Bu bölüm hiç içime sinmedi fakat paylaşayım dedim. Keyifli okumalar :))
Gözlerimdeki yaşları hızla sildim. Karanlık olduğu için ağladığımı anlayamazdı.
"Ge..gel."
Lanet sesim titrek çıkmamalıydı!
Yavaş adımlarla yatağın diğer kenarına gelip oturdu. Yüzü bana dönüktü.

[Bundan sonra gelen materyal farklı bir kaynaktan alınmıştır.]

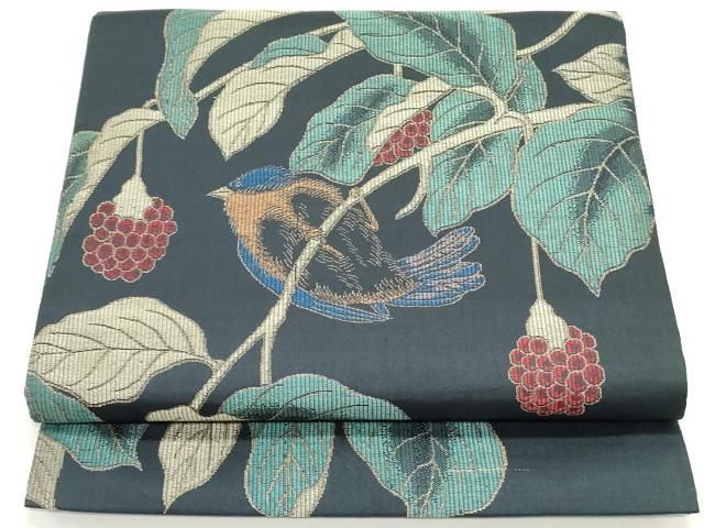 平和屋着物 アンティーク 大正ロマン 六通柄京袋帯 休み鳥南天文 金糸 正絹 ob

"Yanında yatabilir miyim?"
Çok masum sordun ama..
"Hayır."
Cevabım çok keskin çıkmıştı. Ne yani beni sevmeyen bir adamla -bu eski sevgilim bile olsa- aynı yatakta yatamazdım.
"Hadi ama.."
Derken pikenin için girmişti bile. Hızla yatakrtan kalkıp 'Nereye?' diye bağırmasına aldırmadan koltuğa kıvrıldım.

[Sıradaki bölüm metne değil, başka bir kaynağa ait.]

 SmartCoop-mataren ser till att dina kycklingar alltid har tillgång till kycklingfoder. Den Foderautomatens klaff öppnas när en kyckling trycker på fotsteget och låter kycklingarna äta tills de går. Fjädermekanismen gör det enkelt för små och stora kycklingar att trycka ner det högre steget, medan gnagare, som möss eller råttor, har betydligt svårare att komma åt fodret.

Güya bütün gece ağlayacaktım!
Şöminede yanan odunları izliyordum.
Hayat böyleydi işte; biri yanınca etrafındaki en yakın insanı da beraberinde yakardı..
"Yatağa geç."
Başımda dikilen Aras'a ifadesizce bakıp gözlerimi ondan çektim.
Mükemmel denecek kadar yakışıklıydı. Yani bunu ben söylemiyorum. Her şey apaçık ortada.
"Yatağa geç dedim sana. Bir yerin tutulacak sonra başıma bela alacağım."
Cevap vermeden gözlerimi kapattım. Neymiş efendim bela olacakmışım!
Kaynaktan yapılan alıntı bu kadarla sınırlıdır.